Neil Lewis descrive come la narrazione su Israele da parte del “Times” sia cambiata nel corso degli anni, sotto l’influenza della propaganda israeliana, o hasbara, uno sforzo con cui i palestinesi non potevano competere. “Teddy Kollek, sindaco di Gerusalemme dal 1965 al 1993, conosceva per nome ogni direttore del “Times”.” E i direttori del “Times” che visitavano Israele erano in genere “trattati come ospiti reali.” Lewis descrive anche come i direttori del “Times” reagirono negativamente a vari esempi di informazione critica su Israele negli anni ’80 e fino alla fine degli anni ’90 da parte dei corrispondenti del giornale da Gerusalemme. L’ex-direttore esecutivo Max Frankel ha ammesso la parzialità quando era direttore degli editorialisti. Nelle sue memorie (come vengono citate nel libro “The Israel Lobby”) [La Israel Lobby e la politica estera israeliana, Mondadori, 2007, ndtr.], egli ha scritto:

“Ero molto più fedele a Israele di quanto osassi affermare…Forte della mia conoscenza di Israele e delle mie amicizie là, io stesso ho scritto la maggior parte dei nostri articoli di commento sul Medio oriente. Come più lettori arabi che ebrei hanno riconosciuto, li ho scritti da una prospettiva filo-israeliana.”

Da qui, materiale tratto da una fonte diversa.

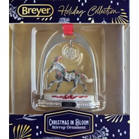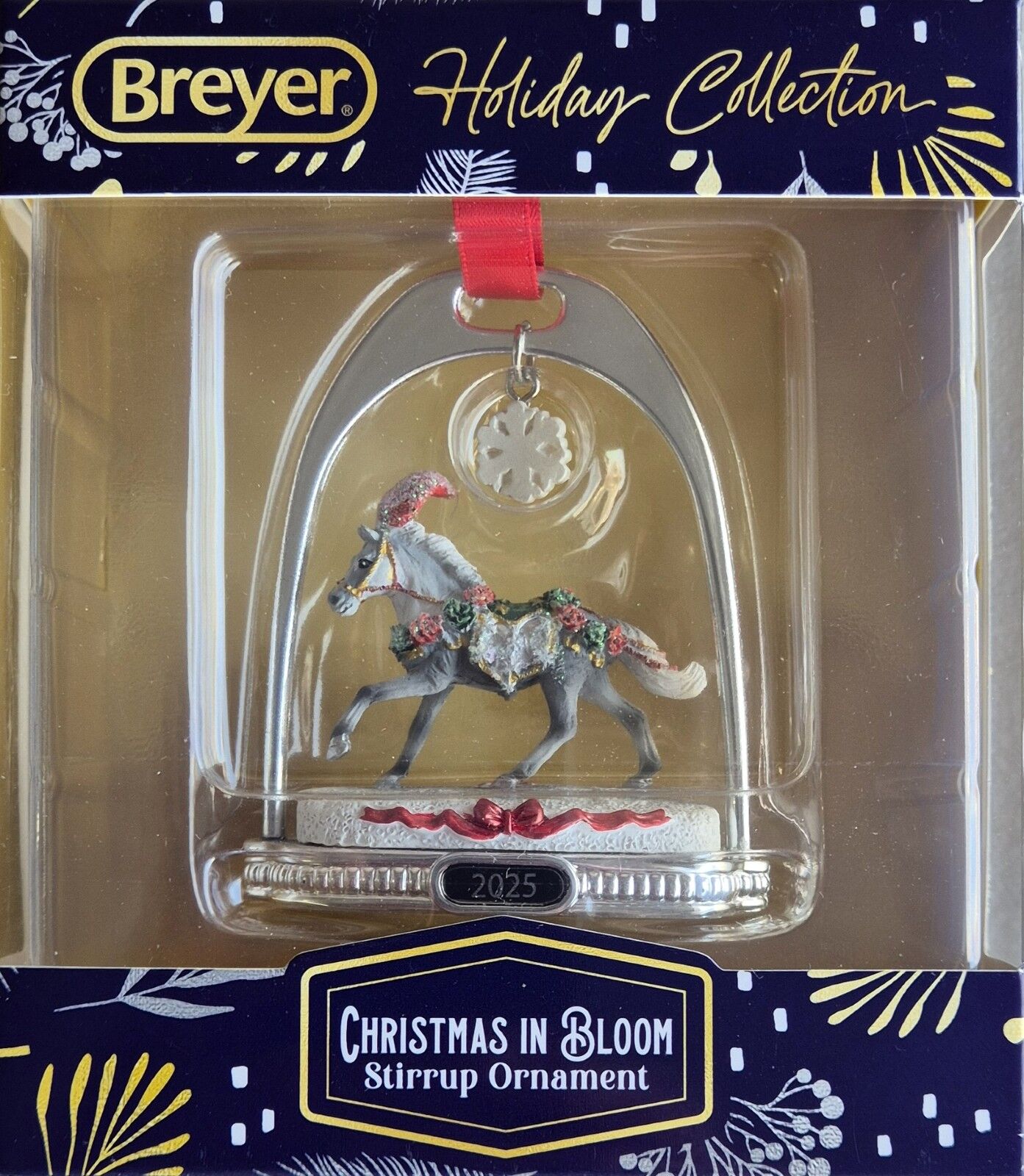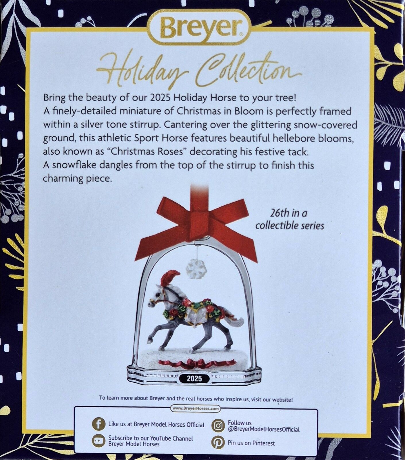 Bring the beauty of our 2025 Holiday Horse to your tree! A finely-detailed miniature 'Christmas in Bloom' is perfectly framed within a silver tone stirrup. This athletic sport horse features beautiful hellebore blooms, also known as "Christmas roses" decorating his festive tack. A snowflake dangles form the top of the stirrup to finish this charming piece.
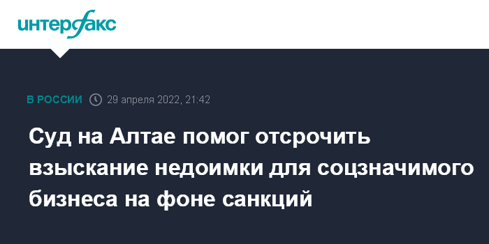Суд на Алтае помог отсрочить взыскание недоимки для соцзначимого бизнеса на фоне санкций

Lamentele in merito alla copertura informativa di parte su eventi riguardanti Israele-Palestina sono state un elemento chiave su questo sito per anni. L’ex capo redattore dell’ufficio di Gerusalemme Jodi Rudoren frequentava Abe Foxman [influente membro della lobby filoisraeliana negli USA, ndtr.] e mostrò indifferenza culturale verso i palestinesi. Almeno quattro reporter del giornale hanno avuto figli nell’esercito israeliano. In quanto lettore del giornale negli ultimi 60 anni, so che la voce dei palestinesi che descrivono la propria lotta per i diritti umani e la dignità raramente è comparsa in queste pagine, mentre commenti filo-israeliani considerati attendibili sono arrivati per anni dagli editorialisti del “Zionist Times” David Brooks e Tom Friedman, e più recentemente da Bret Stephens, Bari Weiss, Shmuel Rosner e Matti Friedman.

All’inizio dello scorso anno, il primo gennaio 2018, tuttavia, il trentottenne A.G. Sulzberger ha sostituito suo padre come direttore (dopo un periodo di un anno come vice direttore). Da quando ha assunto l’incarico pare che siano in corso cambiamenti nel giornale sul fronte israelo-palestinese. Lo scorso anno l’editorialista da poco assunta Michelle Goldberg ha definito le uccisioni lungo la barriera di Gaza come un “massacro” e ha difeso l’antisionismo come una posizione legittima per ebrei e non ebrei, distinguendola dall’antisemitismo.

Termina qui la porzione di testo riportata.